Il ricorrente ha quindi chiesto al TAR di condannare l’Amministrazione a eseguire la sentenza, di disporre la nomina di un commissario ad acta per l’ipotesi di persistente inottemperanza e di condannarla al pagamento della penalità di mora, oltre alla rifusione delle spese di lite con distrazione in favore del difensore antistatario. Il Ministero si è costituito con atto di mera forma.

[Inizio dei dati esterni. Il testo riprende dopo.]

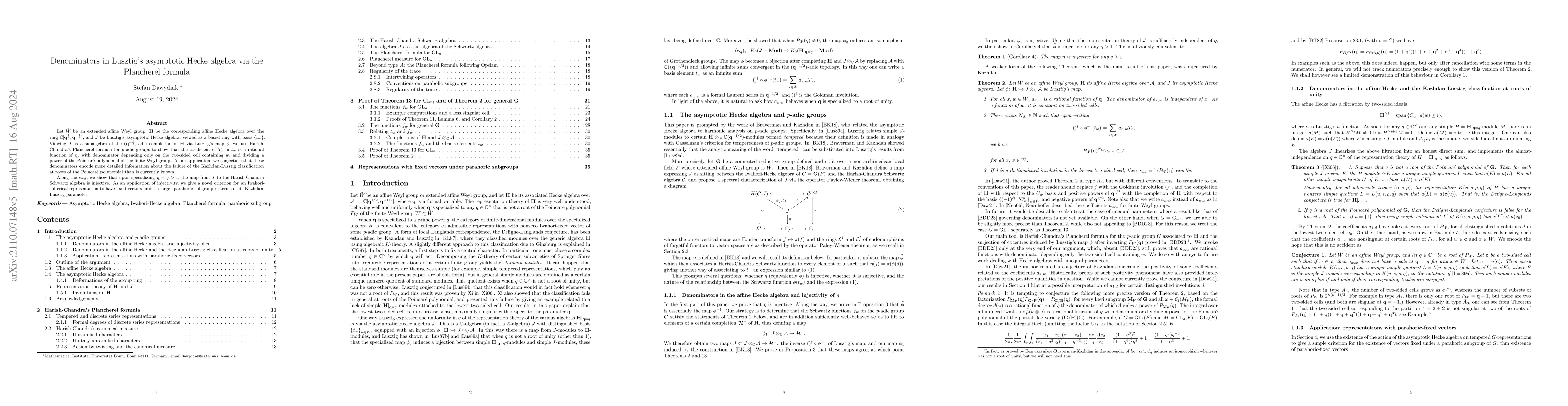 Let $\tilde{W}$ be an extended affine Weyl group, $\mathbf{H}$ be the corresponding affine Hecke algebra over the ring $\mathbb{C}[\mathbf{q}^\frac{1}{2}, \mathbf{q}^{-\frac{1}{2}}]$, and $J$ be Lusztig's asymptotic Hecke algebra, viewed as a based ring with basis $\{t_w\}$. Viewing $J$ as a subalgebra of the $(\mathbf{q}^{-\frac{1}{2}})$-adic completion of $\mathbf{H}$ via Lusztig's map $\phi$, we use Harish-Chandra's Plancherel formula for $p$-adic groups to show that the coefficient of $T_x$ in $t_w$ is a rational function of $\mathbf{q}$, depending only on the two-sided cell containing $w$, and with no poles outside of a finite set of roots of unity depending only on $\tilde{W}$. For $w$ in the lowest two-sided cell, and for all cells in types $\tilde{A}_n$, $\tilde{C}_2$, and $\tilde{G}_2$, we show that the denominators all divide a power of the Poincar\'{e} polynomial of the finite Weyl group. As an application, we conjecture that these denominators encode more detailed information about the failure of the Kazhdan-Lusztig classification at roots of the Poincar\'{e} polynomial than is currently known. Along the way, we show that upon specializing $\mathbf{q}=q>1$, the map from $J$ to the Harish-Chandra Schwartz algebra is injective. As an application of injectivity, we give a novel criterion for an Iwahori-spherical representation to have fixed vectors under a larger parahoric subgroup in terms of its Kazhdan-Lusztig parameter.

La Motivazione della Corte
Il TAR ha accolto il ricorso, ritenendo fondata la domanda di ottemperanza. Dagli atti risultava la regolare notifica della sentenza del giudice del lavoro in data 28/04/2025, il suo passaggio in giudicato e l’inutile decorso del termine di centoventi giorni previsto dall’art. 14, comma 1, d.l. n. 669/1996. Il Collegio ha quindi disposto che il Ministero desse completa esecuzione alla pronuncia nel termine di novanta giorni dalla comunicazione della sentenza o dalla sua notificazione, se anteriore.

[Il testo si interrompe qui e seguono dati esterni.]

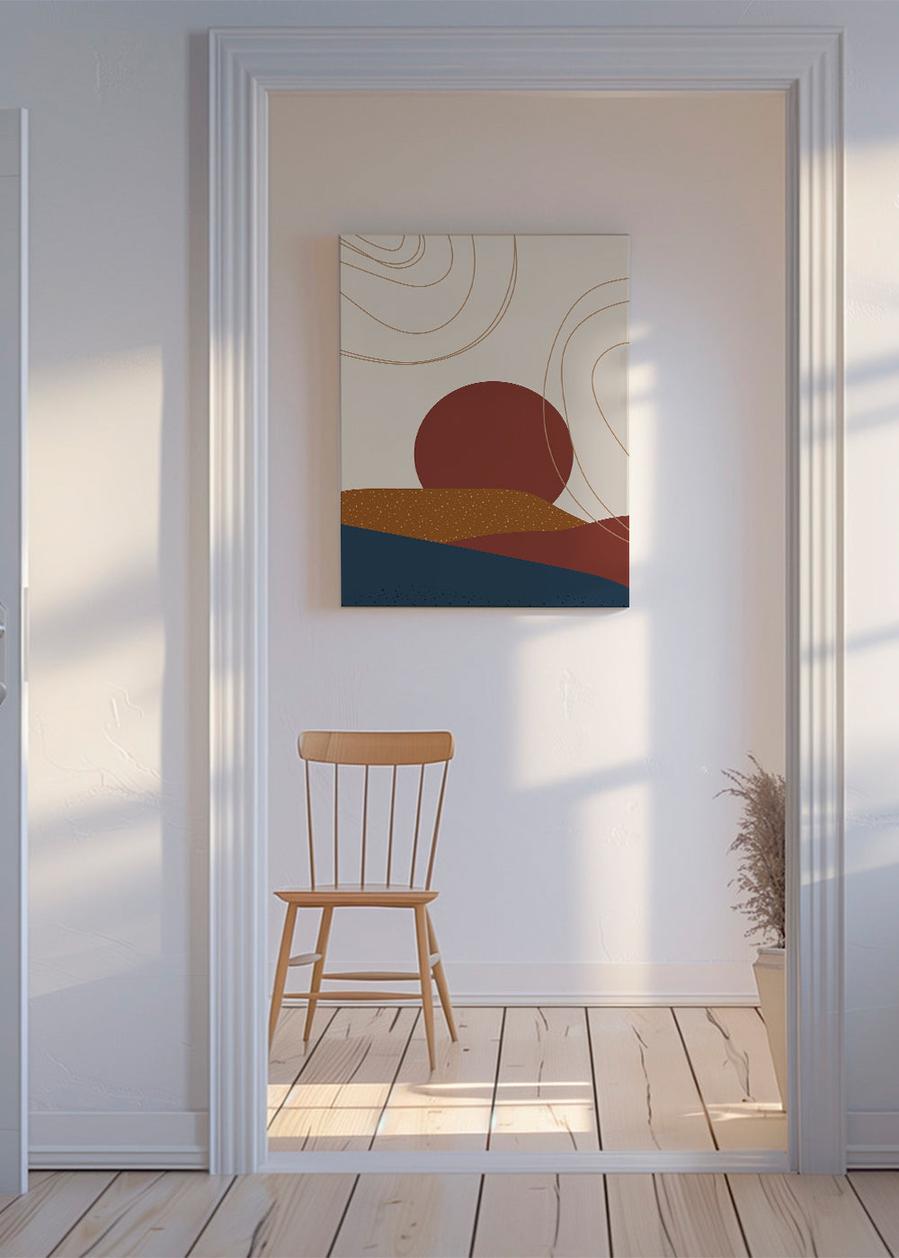 A print from our sunrise and sunset wall art collection, by creative artist Essentially Nomadic, with touches of red, and facing vertically. The tranquillity and freedom of landscape prints is one of a kind. A modern touch for your home.

Quanto alla domanda di nomina del commissario ad acta, il TAR l’ha accolta, designando il Direttore Generale della Ragioneria Territoriale dello Stato di Varese quale organo ausiliario del giudice, con il compito di porre in essere tutti gli atti necessari all’esecuzione della sentenza entro sessanta giorni dalla richiesta della parte interessata. Il commissario potrà ricorrere, in caso di incapienza di fondi dell’Amministrazione, ai capitoli di bilancio destinati ai pagamenti in questione e all’istituto del pagamento in conto sospeso ex art. 14, comma 2, d.l. n. 669/1996. Non è stata disposta alcuna liquidazione di compenso, trattandosi di funzioni affidate a un dipendente pubblico già inserito nella struttura dell’Amministrazione debitrice.

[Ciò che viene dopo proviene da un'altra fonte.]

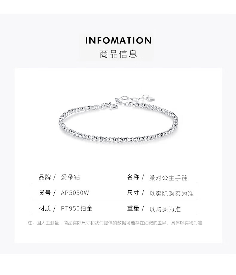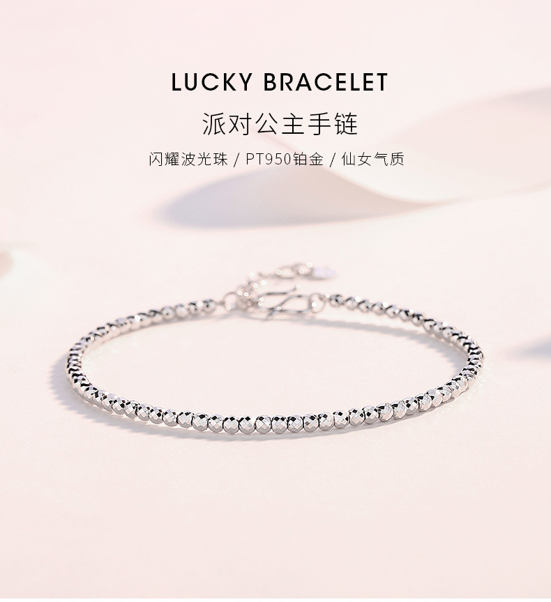 Aido Diamond PT950 platinum bouncy bead bracelet for women, platinum laser bead round bead fashion bracelet for girlfriend, weight 5.5-5.7 grams

Il TAR ha invece respinto la domanda di condanna al pagamento della penalità di mora ex art. 114, comma 4, lett. e), c.p.a. Richiamando l’Adunanza Plenaria del Consiglio di Stato n. 15 del 25 giugno 2014, il Collegio ha evidenziato che la norma aggiunge al limite della manifesta iniquità la sussistenza di «altre ragioni ostative». Nel caso di specie, tali ragioni sono state individuate nella complessità del procedimento di attivazione della carta docente, che coinvolge una pluralità di soggetti e strutture centralizzate, e nella natura del beneficio, configurato come incentivo meramente eventuale e non quale mezzo di sostentamento del lavoratore.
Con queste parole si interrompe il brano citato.